══ ENTRIES SHOWN

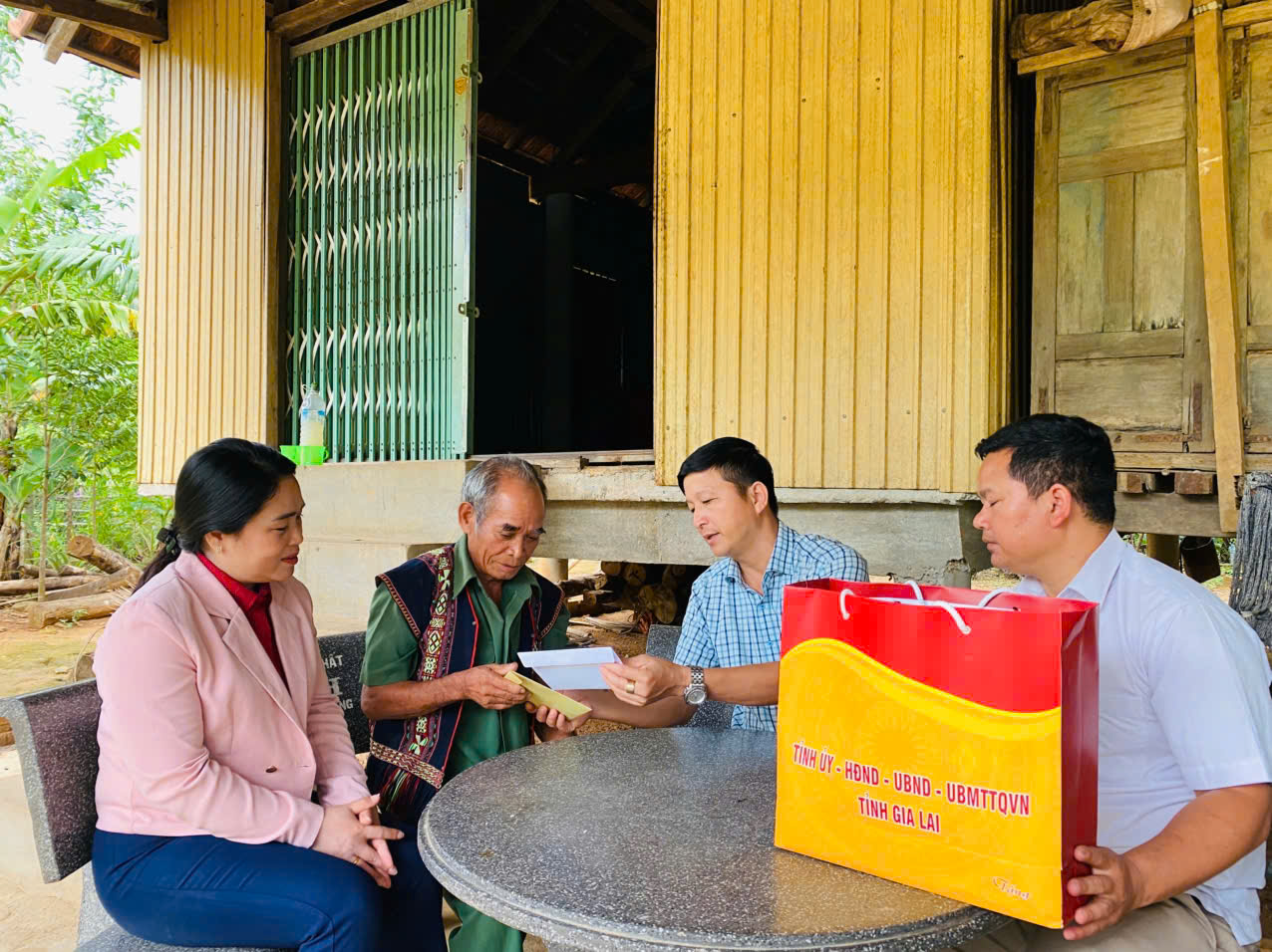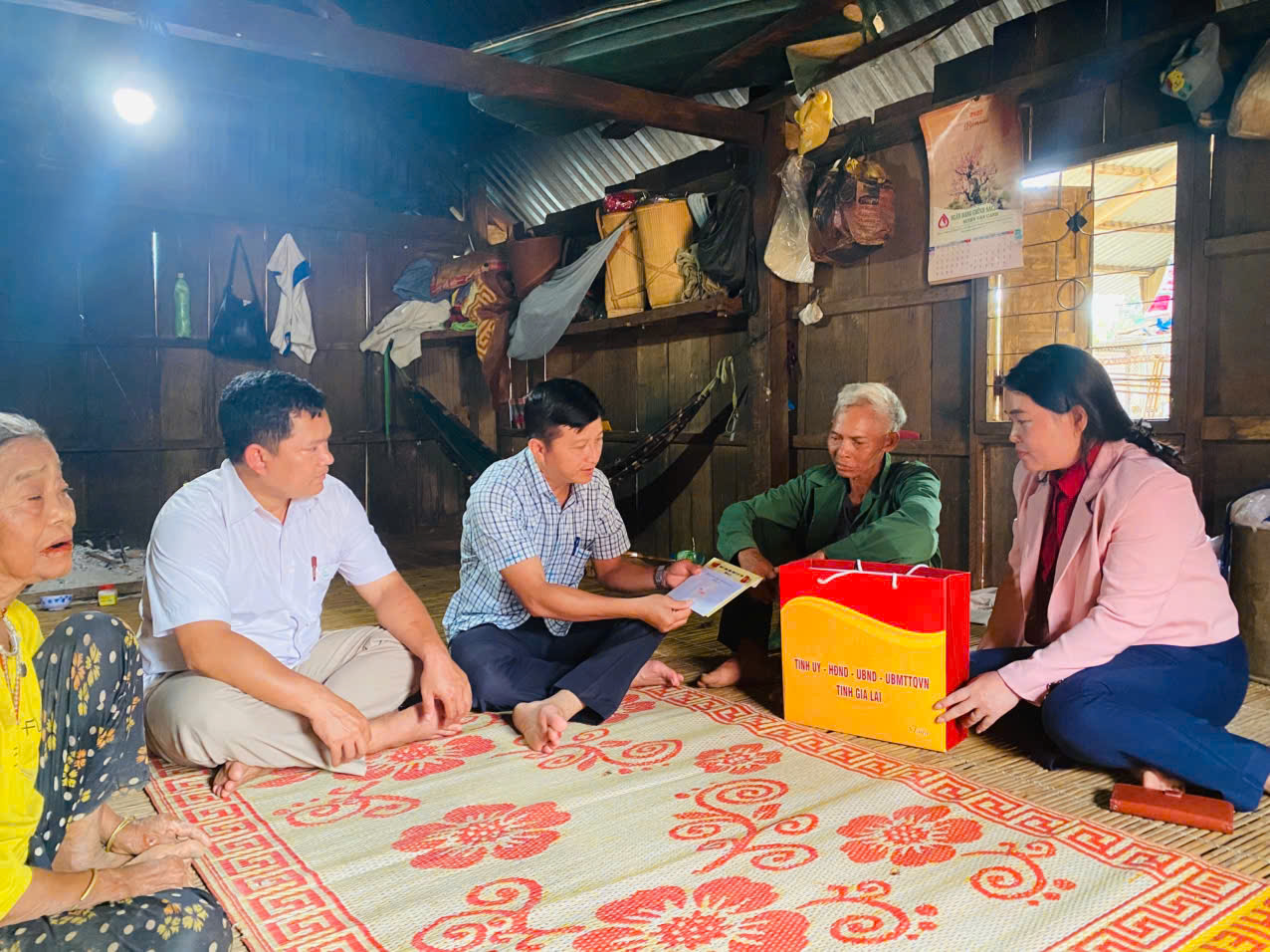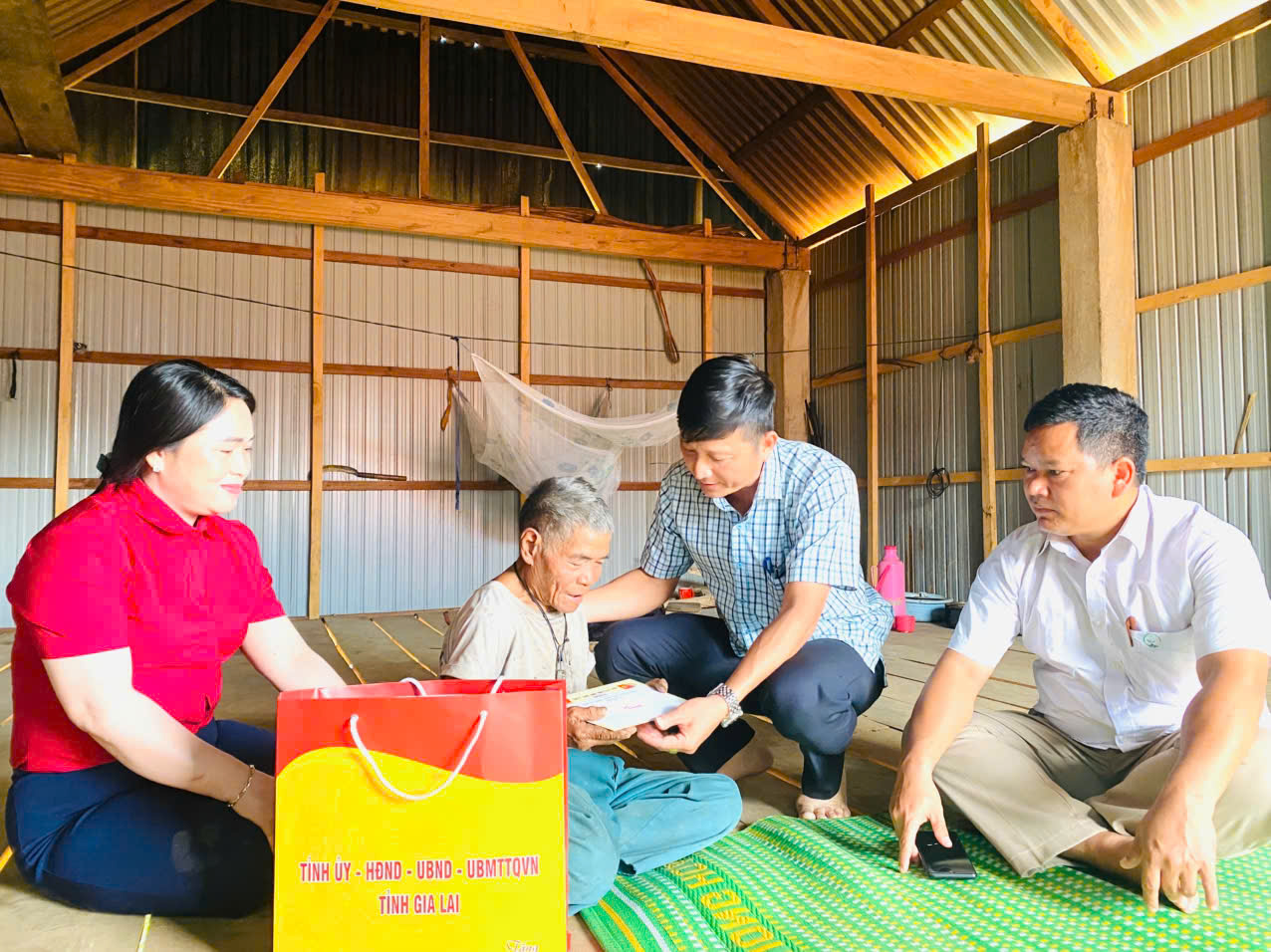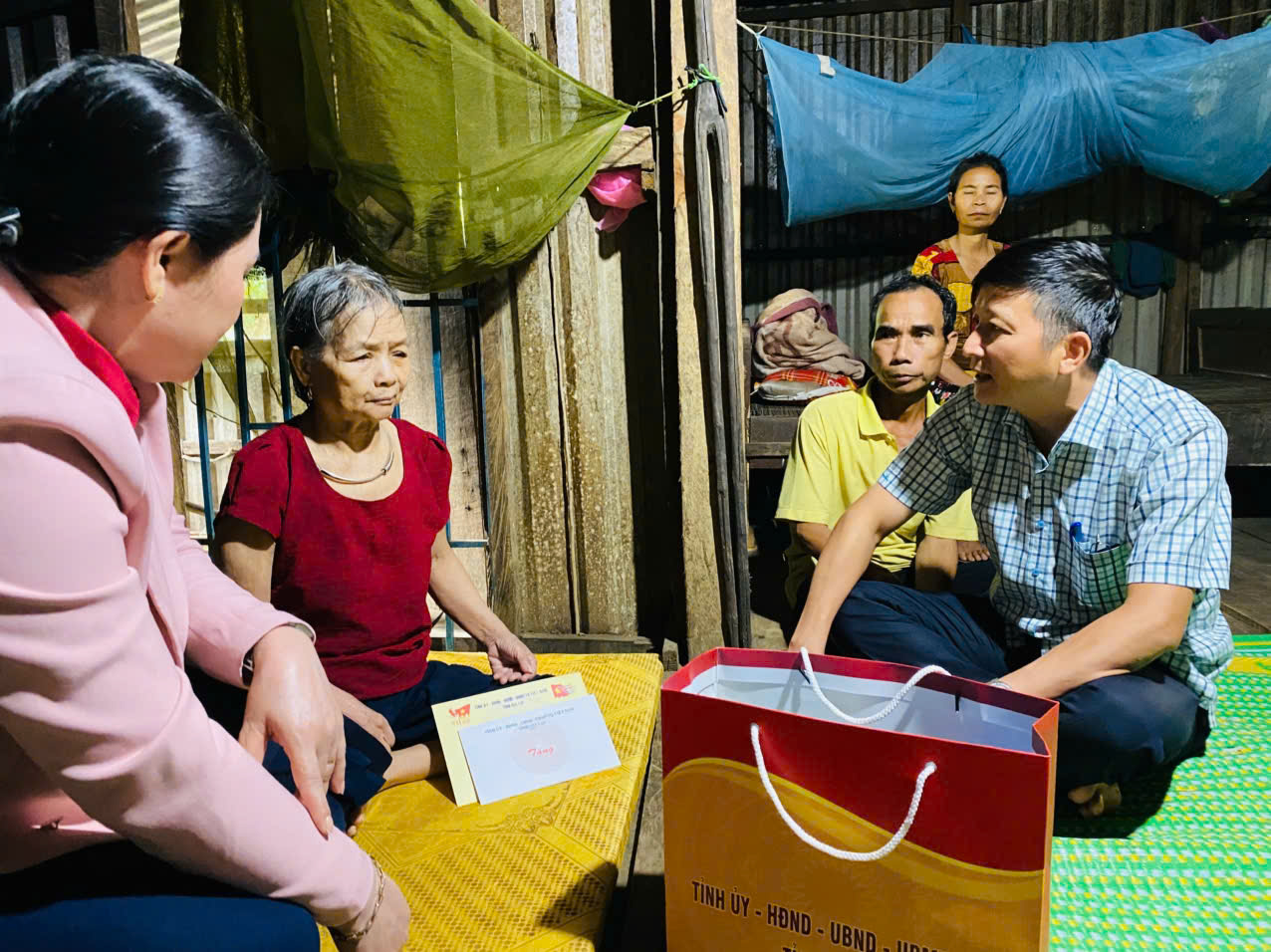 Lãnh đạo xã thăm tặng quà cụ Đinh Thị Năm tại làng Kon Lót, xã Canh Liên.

════
══ ENTRIES SHOWN

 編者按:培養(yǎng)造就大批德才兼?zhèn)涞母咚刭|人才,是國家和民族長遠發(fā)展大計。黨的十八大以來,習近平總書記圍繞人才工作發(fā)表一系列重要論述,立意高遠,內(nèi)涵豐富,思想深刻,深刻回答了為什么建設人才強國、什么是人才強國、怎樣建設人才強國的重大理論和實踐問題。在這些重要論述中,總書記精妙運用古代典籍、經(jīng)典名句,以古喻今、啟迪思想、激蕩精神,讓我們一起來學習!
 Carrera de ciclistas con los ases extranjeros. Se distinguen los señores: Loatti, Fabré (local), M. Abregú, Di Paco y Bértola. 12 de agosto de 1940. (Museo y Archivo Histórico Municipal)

════

▸ WORK INSTRUCTION:
Where the line holding "編者按:培養(yǎng)造就" appears in the listing above, start reproducing exactly, and end with the line holding "Carrera de ciclistas".

▸ SOLUTION FOR THIS TASK:
 編者按:培養(yǎng)造就大批德才兼?zhèn)涞母咚刭|人才,是國家和民族長遠發(fā)展大計。黨的十八大以來,習近平總書記圍繞人才工作發(fā)表一系列重要論述,立意高遠,內(nèi)涵豐富,思想深刻,深刻回答了為什么建設人才強國、什么是人才強國、怎樣建設人才強國的重大理論和實踐問題。在這些重要論述中,總書記精妙運用古代典籍、經(jīng)典名句,以古喻今、啟迪思想、激蕩精神,讓我們一起來學習!
 Carrera de ciclistas con los ases extranjeros. Se distinguen los señores: Loatti, Fabré (local), M. Abregú, Di Paco y Bértola. 12 de agosto de 1940. (Museo y Archivo Histórico Municipal)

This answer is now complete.